## What needs to be done
Output the data below exactly, images excluded.

## Supplied data
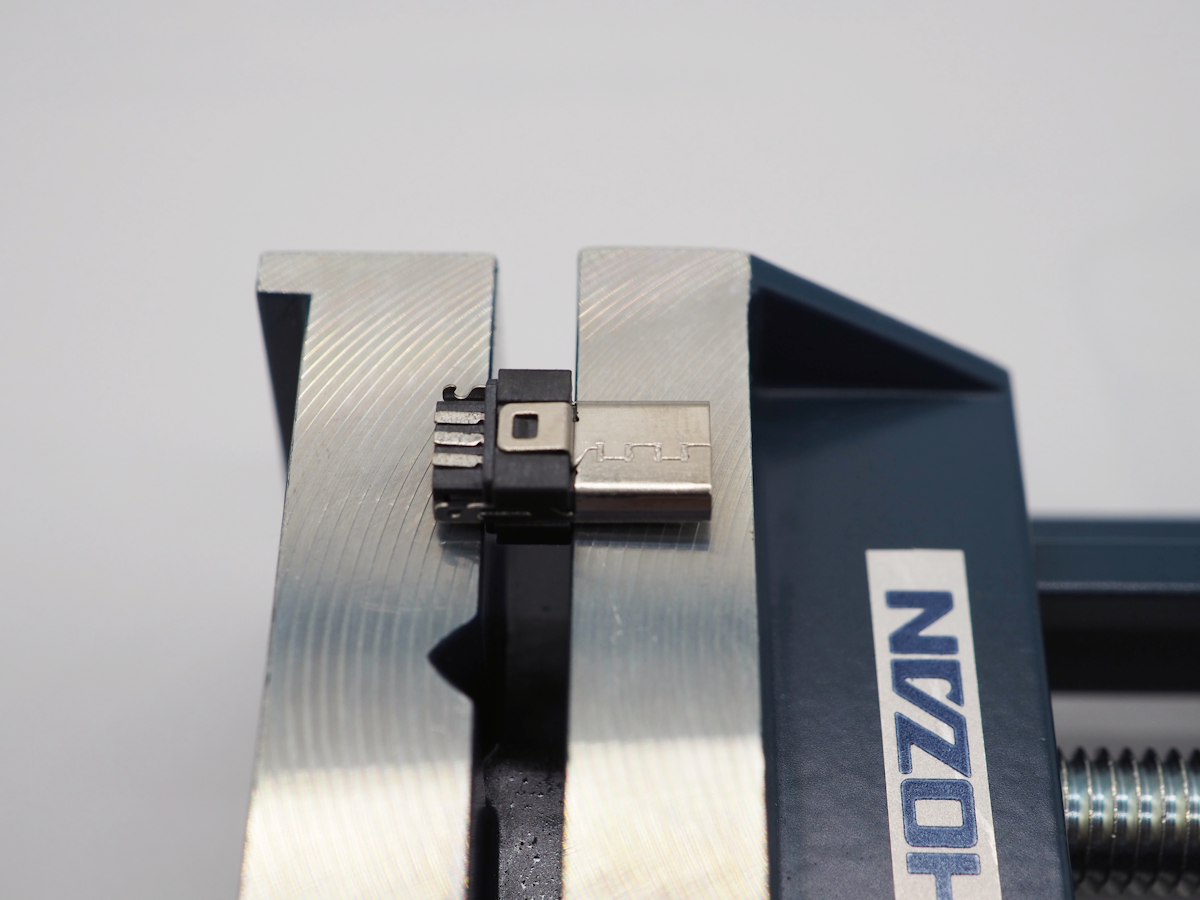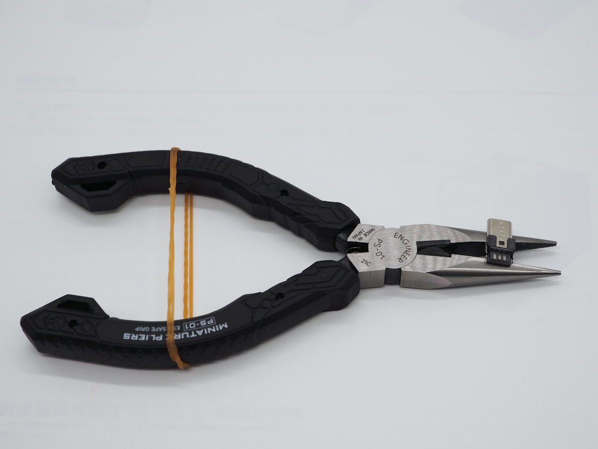 microUSBコネクタは万力がない場合はラジオペンチの持ち手の膨らみ辺りに輪ゴムをくくり付けると固定できます。(古の技ですね)
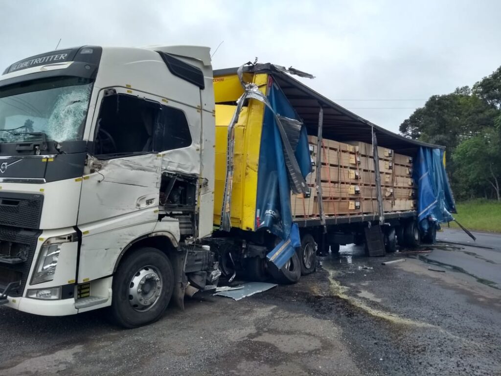 Acidente entre caminhões, na BR 476, fecha rodovia no KM 333
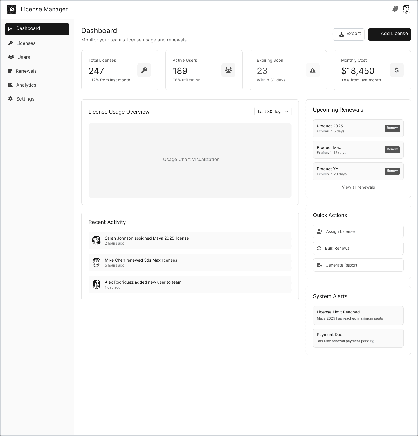 Zentrale Startseite mit allen Kernmetriken: Gesamtanzahl der Lizenzen, aktive Nutzer:innen, anstehende Verlängerungen, Warnungen.
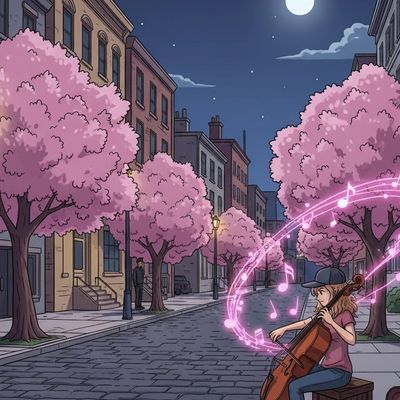 Across the street and beneath the cherry blossoms, a man stood, captivated by the magic of the music.

## Expected answer
 microUSBコネクタは万力がない場合はラジオペンチの持ち手の膨らみ辺りに輪ゴムをくくり付けると固定できます。(古の技ですね)
 Acidente entre caminhões, na BR 476, fecha rodovia no KM 333
 Zentrale Startseite mit allen Kernmetriken: Gesamtanzahl der Lizenzen, aktive Nutzer:innen, anstehende Verlängerungen, Warnungen.
 Across the street and beneath the cherry blossoms, a man stood, captivated by the magic of the music.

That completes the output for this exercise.